**ABOUT THIS TASK**: Every line from the one containing "Uddannelsess0et er en" to the one containing "Coins, Tunisien (FR)." in the records below, both included, must be set down exactly, and no other line.

**DATASET CONTENT**:
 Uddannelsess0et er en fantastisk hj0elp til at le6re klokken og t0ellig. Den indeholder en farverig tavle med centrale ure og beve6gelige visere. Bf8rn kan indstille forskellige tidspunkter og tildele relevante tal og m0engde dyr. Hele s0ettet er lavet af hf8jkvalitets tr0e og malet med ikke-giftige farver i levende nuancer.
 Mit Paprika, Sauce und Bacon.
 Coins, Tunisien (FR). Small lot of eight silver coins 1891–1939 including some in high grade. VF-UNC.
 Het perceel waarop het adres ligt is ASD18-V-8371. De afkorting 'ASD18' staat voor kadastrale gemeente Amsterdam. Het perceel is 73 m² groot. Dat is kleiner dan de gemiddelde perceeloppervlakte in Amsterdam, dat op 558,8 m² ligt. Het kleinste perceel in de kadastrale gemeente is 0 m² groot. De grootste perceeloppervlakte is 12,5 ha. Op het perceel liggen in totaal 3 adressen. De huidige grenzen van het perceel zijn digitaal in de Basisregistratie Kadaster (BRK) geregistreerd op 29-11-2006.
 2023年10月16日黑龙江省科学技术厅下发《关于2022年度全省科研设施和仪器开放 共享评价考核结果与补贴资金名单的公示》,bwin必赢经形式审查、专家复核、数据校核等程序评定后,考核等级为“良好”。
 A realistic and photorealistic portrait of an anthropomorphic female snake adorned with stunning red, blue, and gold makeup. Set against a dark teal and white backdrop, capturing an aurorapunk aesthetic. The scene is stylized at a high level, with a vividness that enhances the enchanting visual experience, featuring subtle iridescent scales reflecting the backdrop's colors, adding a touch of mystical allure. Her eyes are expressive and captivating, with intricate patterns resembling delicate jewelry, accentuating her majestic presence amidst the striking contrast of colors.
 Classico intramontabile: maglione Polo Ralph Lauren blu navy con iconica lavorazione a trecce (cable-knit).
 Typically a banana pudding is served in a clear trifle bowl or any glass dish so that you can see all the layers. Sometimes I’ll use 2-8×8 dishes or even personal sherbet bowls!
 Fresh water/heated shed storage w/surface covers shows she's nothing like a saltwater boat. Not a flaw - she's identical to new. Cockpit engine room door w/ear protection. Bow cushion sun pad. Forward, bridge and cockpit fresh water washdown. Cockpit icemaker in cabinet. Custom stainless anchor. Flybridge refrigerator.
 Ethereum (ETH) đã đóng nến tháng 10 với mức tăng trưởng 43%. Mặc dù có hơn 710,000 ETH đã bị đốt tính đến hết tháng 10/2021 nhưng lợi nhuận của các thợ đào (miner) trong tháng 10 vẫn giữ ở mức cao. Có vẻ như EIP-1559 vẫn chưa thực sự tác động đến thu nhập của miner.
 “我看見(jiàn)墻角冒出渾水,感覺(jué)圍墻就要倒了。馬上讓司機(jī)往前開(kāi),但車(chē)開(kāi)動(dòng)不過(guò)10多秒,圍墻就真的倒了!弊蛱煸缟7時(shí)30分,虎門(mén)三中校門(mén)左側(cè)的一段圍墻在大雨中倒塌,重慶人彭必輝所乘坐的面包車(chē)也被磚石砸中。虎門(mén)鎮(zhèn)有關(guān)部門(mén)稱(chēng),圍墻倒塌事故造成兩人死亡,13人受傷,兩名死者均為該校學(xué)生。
* * *
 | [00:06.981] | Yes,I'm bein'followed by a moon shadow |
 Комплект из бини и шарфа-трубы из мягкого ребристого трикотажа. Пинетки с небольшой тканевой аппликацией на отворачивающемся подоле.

**SOLUTION TO THE PROBLEM**:
 Uddannelsess0et er en fantastisk hj0elp til at le6re klokken og t0ellig. Den indeholder en farverig tavle med centrale ure og beve6gelige visere. Bf8rn kan indstille forskellige tidspunkter og tildele relevante tal og m0engde dyr. Hele s0ettet er lavet af hf8jkvalitets tr0e og malet med ikke-giftige farver i levende nuancer.
 Mit Paprika, Sauce und Bacon.
 Coins, Tunisien (FR). Small lot of eight silver coins 1891–1939 including some in high grade. VF-UNC.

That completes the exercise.